With medication and strong family support, many people with schizophrenia are able to control their symptoms, gain greater independence, and get happy lives.
Tuesday, 5 May 2015
Watch out easy to do hand walking on your hands by Amit Kaushik. (Physical Trainer, Uklana) (Voice : Hindi)
Hand walking is an unusual form of human locomotion in which a person travels in a vertically inverted orientation with all body weight resting on the hands.
When walking on the hands, you do not have to rely on your hands or arms so much for balance as you can just ‘fall’ in a direction and catch yourself with a step of the hands.
Walking on your hands is the logical next move after you have learned to do a handstand.
It certainly demonstrates ones strength, flexibility and agility. This activity is often seen in acrobatics, gymnastics and the circus.
While hand walking, you need to maintain control while you walk and not rely on catching yourself from falling out of balance.
Because the body is inverted during hand walking, blood pressure in the brain is greater than normal.

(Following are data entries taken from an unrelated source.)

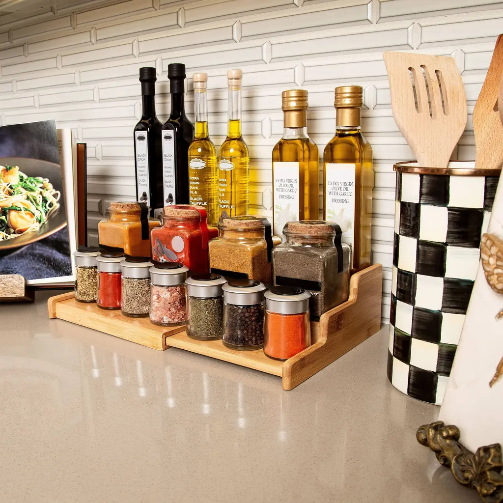 Seville Classics 3-Tier Expandable Bamboo Spice Rack Step Shelf Cabinet Organizer - Brown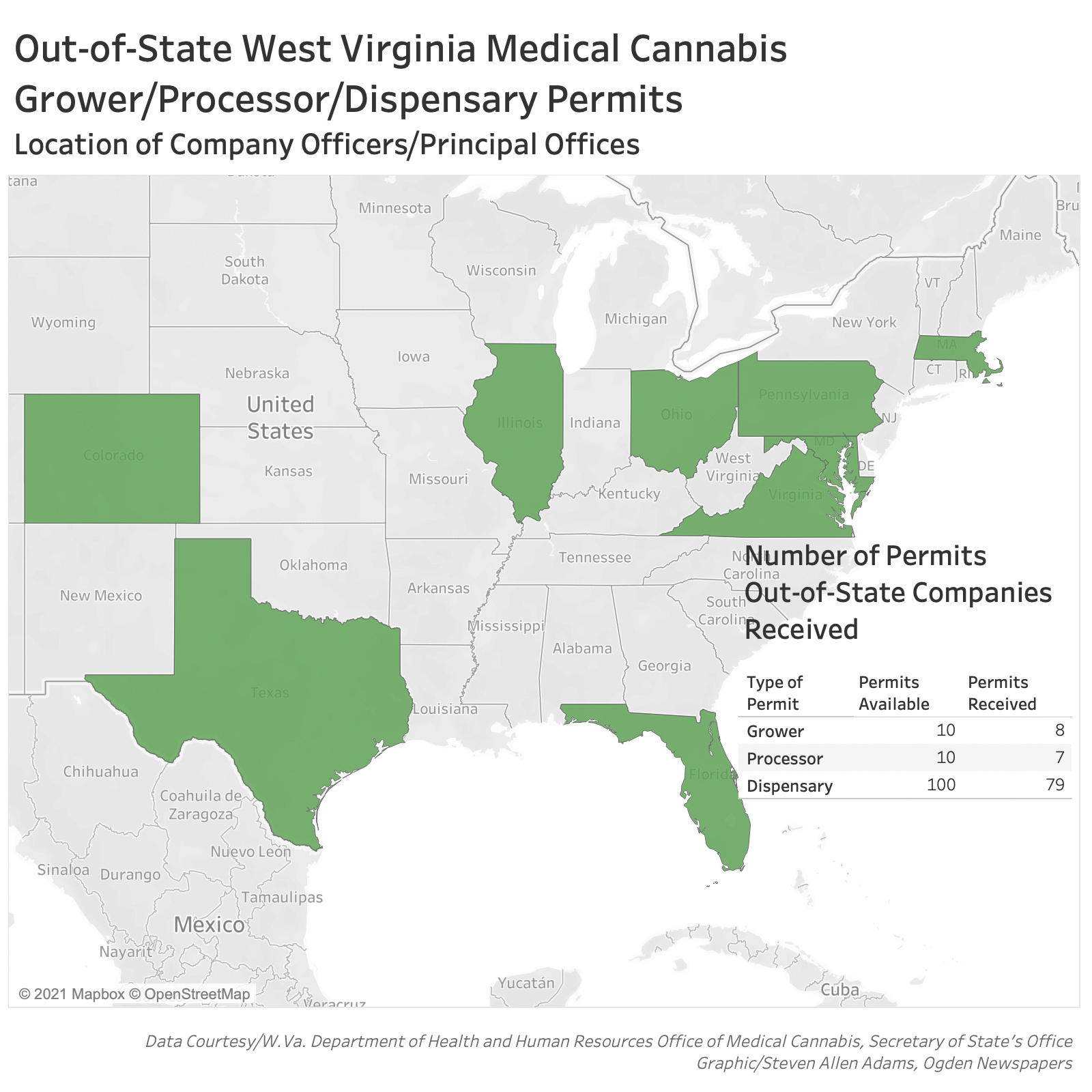 CHARLESTON — Once again, out-of-state business entities and owners took the majority of dispensary and processor permits for West Virginia’s long-awaited medical cannabis program.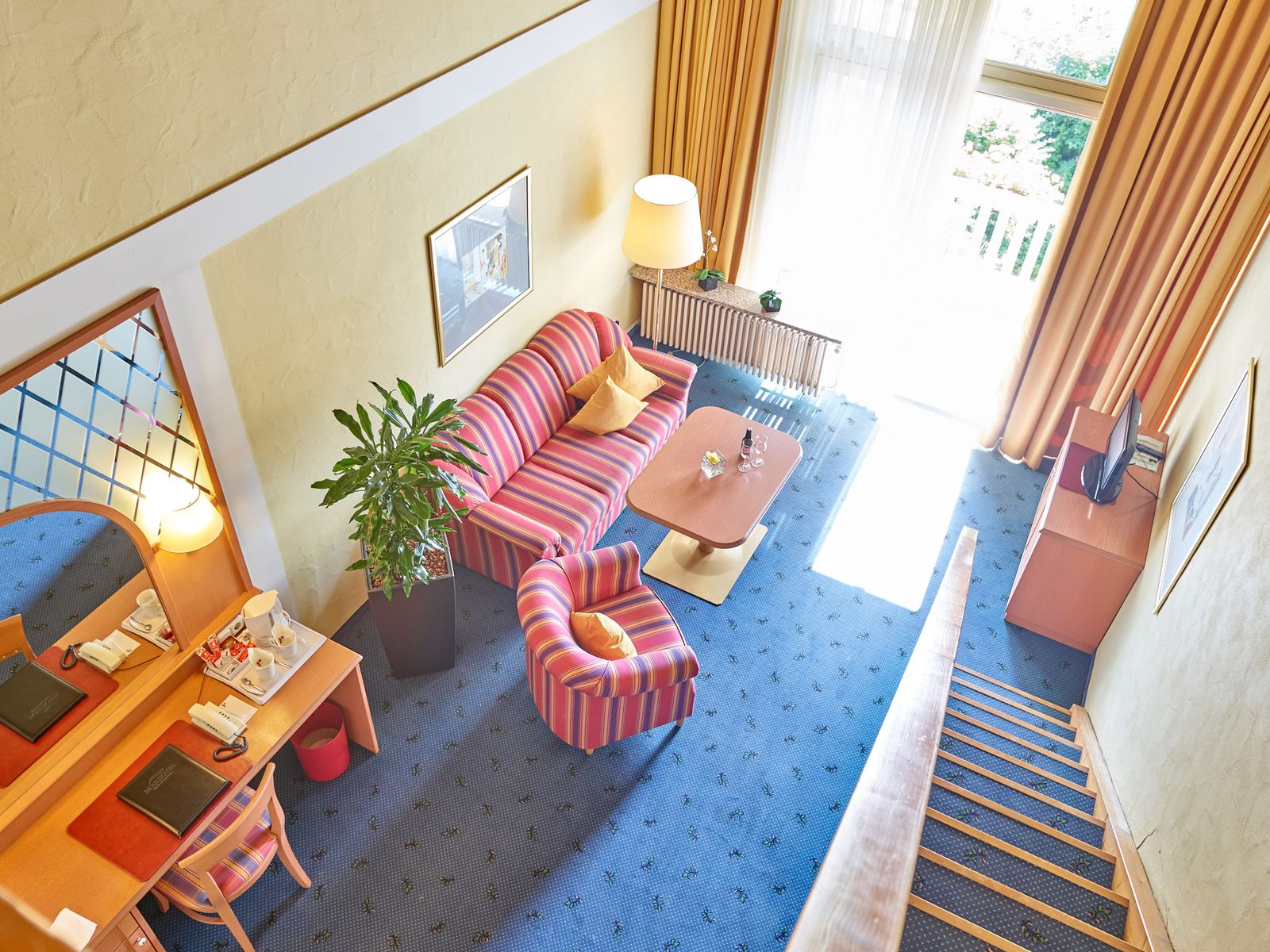 These rooms have a very comfortable double bed, 2 x 2.1m, located on the second level. They also have a cozy sitting area or couch and a balcony on the lower level, as well as a bathroom with tub or shower (and a hairdryer).

You have to choose a roomy location with a soft, flat surface. A park, garden, or gym mat would work well for this exercise. Be sure to allow yourself enough space to perform the move; you need more room than you would for a simple handstand. It can help to have a sturdy wall nearby you can practice walking next to.
This skill requires great strength of the hands, forearms and upper body.
Before you start walking on your hands, you need to learn how to balance in place and gain control over your movements. Keep practicing your handstand until you are able to easily move into position
Easy Steps for Hand Walking
- First practice by doing push ups in various positions including in a handstand.
- Practice the handstand against the wall - get confident and also build up your strength.
- Hold Position : Keep your legs straight up and balance yourself. Hold your legs together for balance and steadiness. Once you’re feeling comfortable, allow your spotter to let go.
- Then try your hand walking. You may need to practice your balance but walking on your hands actually helps with the balance.
- Roll out when you are finished : Bend your legs back down from the waist and plant your feet on the ground.
- As you start moving around, you will need to constantly adjust your legs and torso to stay balanced. If you start to tip back in the direction of your stomach, move your legs more over your head.
- The goal is to find your sweet spot, which means to center your body's weight as directly over your hands as possible.
- Try to keep your hands directly under your feet at all times. When trying to walk forwards, tilt your body forwards slightly and then move your hands to be underneath your body, and repeat.
Walking is one of the simplest, cheapest and safest forms of exercise, offering a number of important health gains. The beneficial effect of walking can be improved if we do walking on your hands (or hand standing) for few minutes.
- It will help to improve muscular strength and endurance of the both the upper and lower body.
- During hand walking, you are able to strengthen the muscles in your arms and tone your legs
- While walking on hands can increase energy expenditure and improve our circulatory systems. This increased energy expenditure can help you burn more calories.
Interesting Record : Johann Hurlinger was an Austrian man who walked on his hands from Paris toVienna in 1900. Hurlinger walked on his hands 10 hours a day for 55 days. He averaged 1.58 miles per hour and traversed 870 miles.